> **TASK TO COMPLETE**
Images are to be excluded, and the rest of the data repeated exactly.
INFORMATION SHOWN Block Start
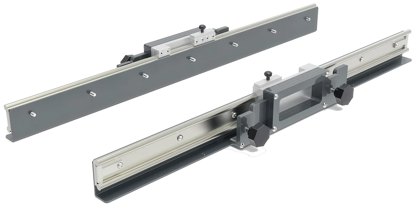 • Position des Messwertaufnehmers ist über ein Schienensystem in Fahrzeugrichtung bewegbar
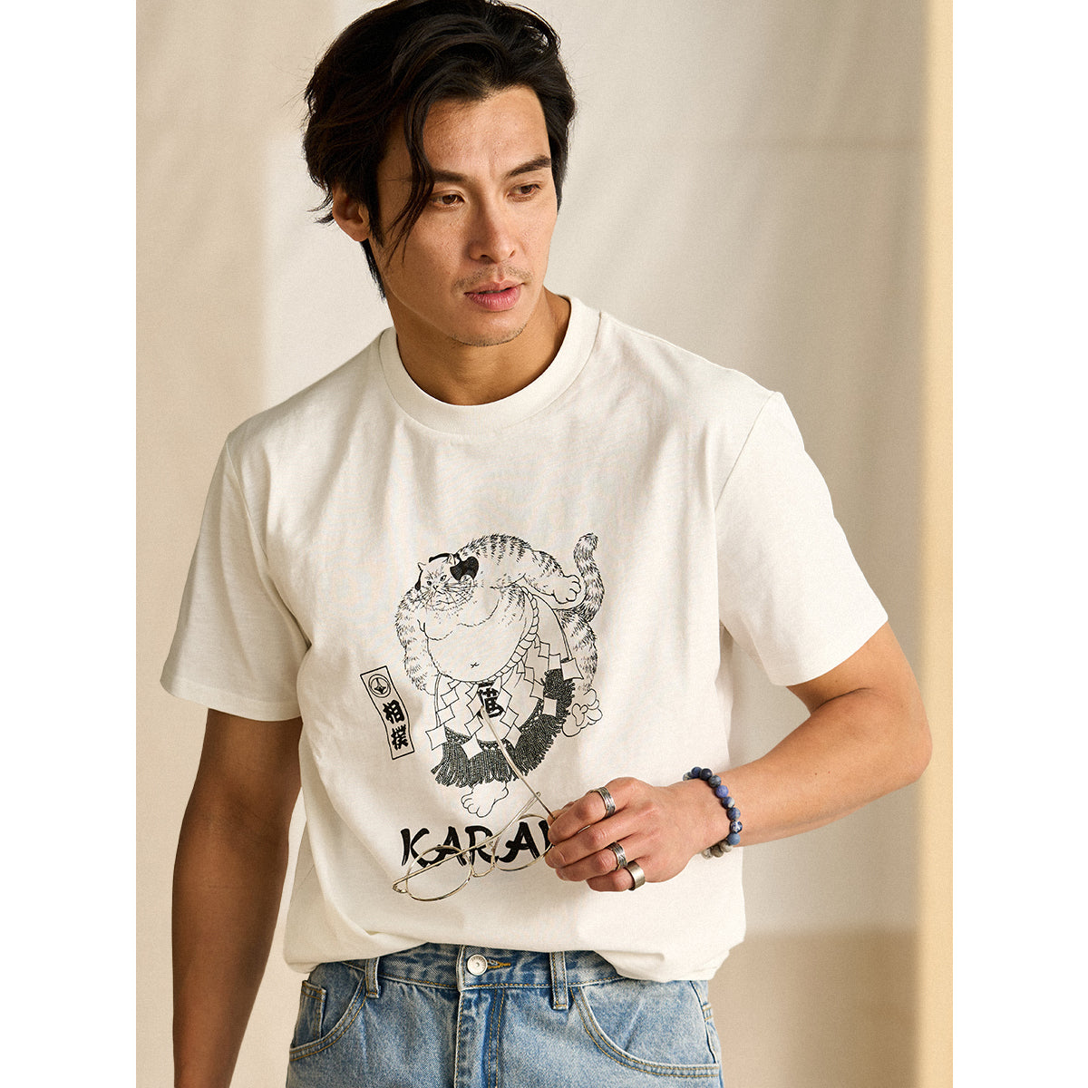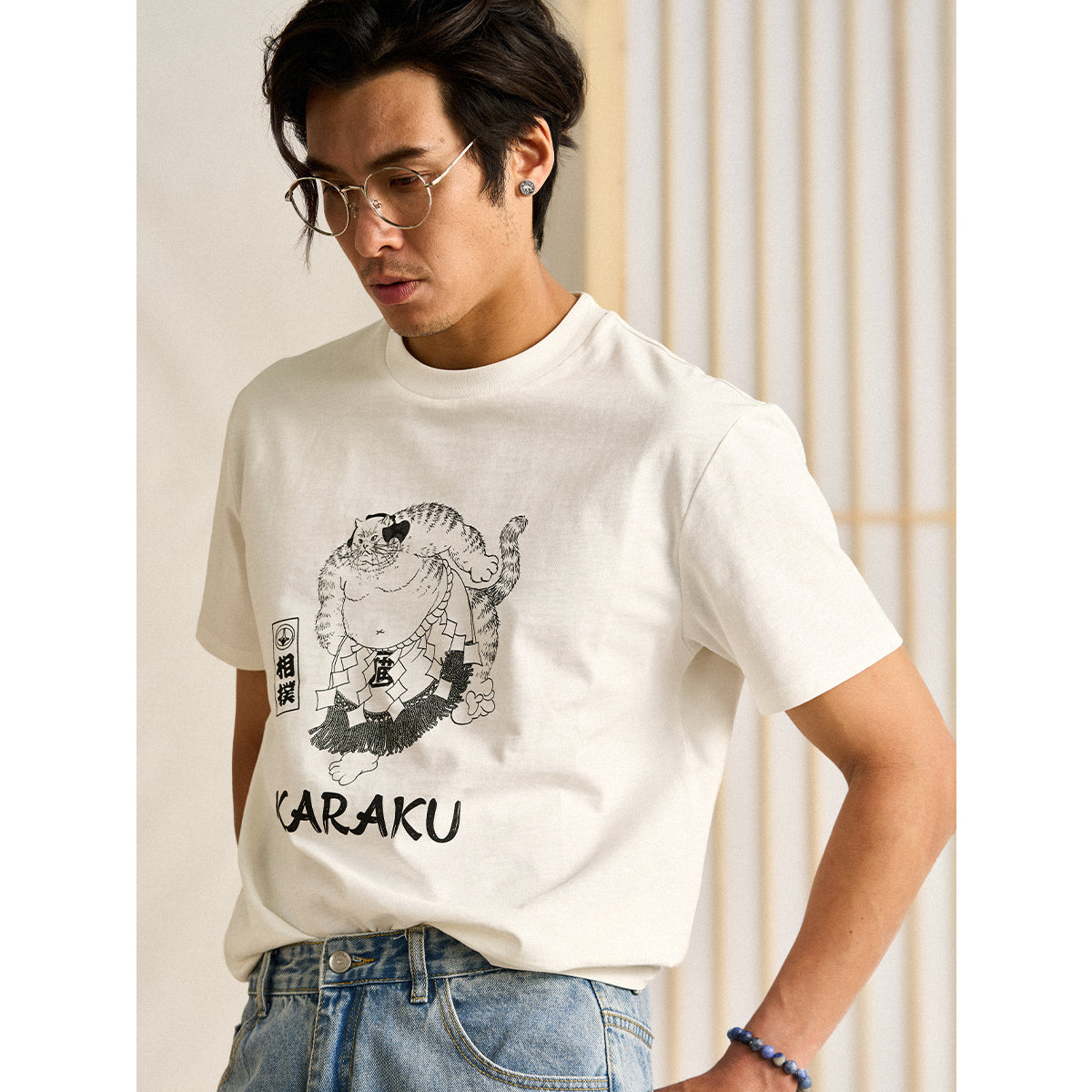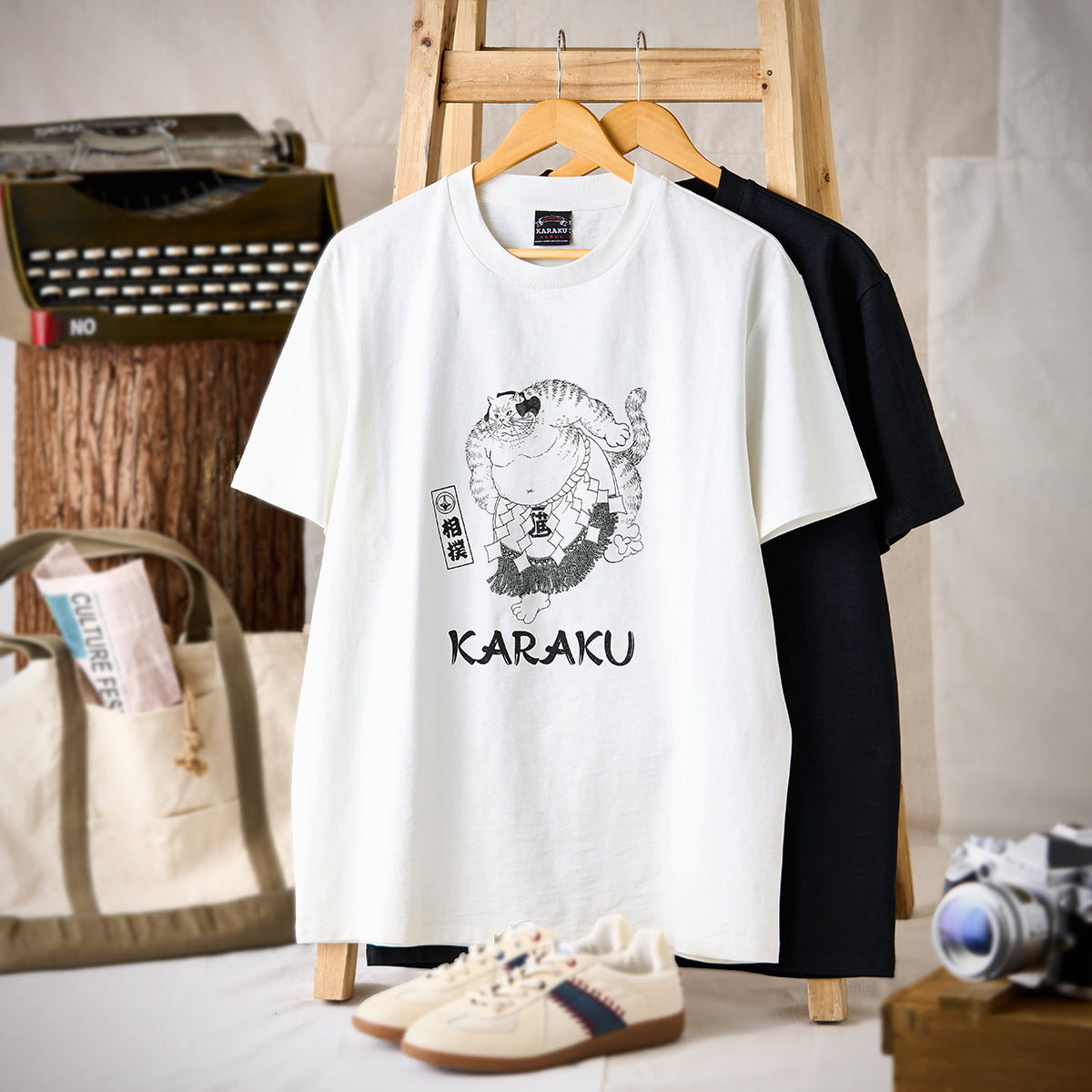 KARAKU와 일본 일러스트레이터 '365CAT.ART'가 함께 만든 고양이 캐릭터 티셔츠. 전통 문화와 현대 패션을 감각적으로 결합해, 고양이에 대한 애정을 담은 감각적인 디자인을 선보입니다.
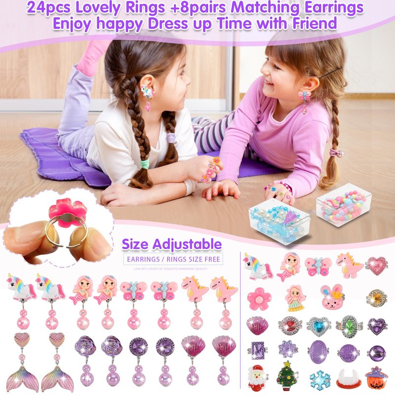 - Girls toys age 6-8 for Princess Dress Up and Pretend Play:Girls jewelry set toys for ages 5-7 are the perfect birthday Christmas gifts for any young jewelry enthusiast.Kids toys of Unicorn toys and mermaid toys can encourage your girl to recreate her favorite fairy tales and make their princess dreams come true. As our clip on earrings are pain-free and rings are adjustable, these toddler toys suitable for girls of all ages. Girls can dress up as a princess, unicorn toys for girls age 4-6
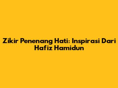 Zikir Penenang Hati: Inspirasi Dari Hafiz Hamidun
INFORMATION SHOWN Block End
> **RESPONSE TO THE TASK**
 • Position des Messwertaufnehmers ist über ein Schienensystem in Fahrzeugrichtung bewegbar
 KARAKU와 일본 일러스트레이터 '365CAT.ART'가 함께 만든 고양이 캐릭터 티셔츠. 전통 문화와 현대 패션을 감각적으로 결합해, 고양이에 대한 애정을 담은 감각적인 디자인을 선보입니다.
 - Girls toys age 6-8 for Princess Dress Up and Pretend Play:Girls jewelry set toys for ages 5-7 are the perfect birthday Christmas gifts for any young jewelry enthusiast.Kids toys of Unicorn toys and mermaid toys can encourage your girl to recreate her favorite fairy tales and make their princess dreams come true. As our clip on earrings are pain-free and rings are adjustable, these toddler toys suitable for girls of all ages. Girls can dress up as a princess, unicorn toys for girls age 4-6
 Zikir Penenang Hati: Inspirasi Dari Hafiz Hamidun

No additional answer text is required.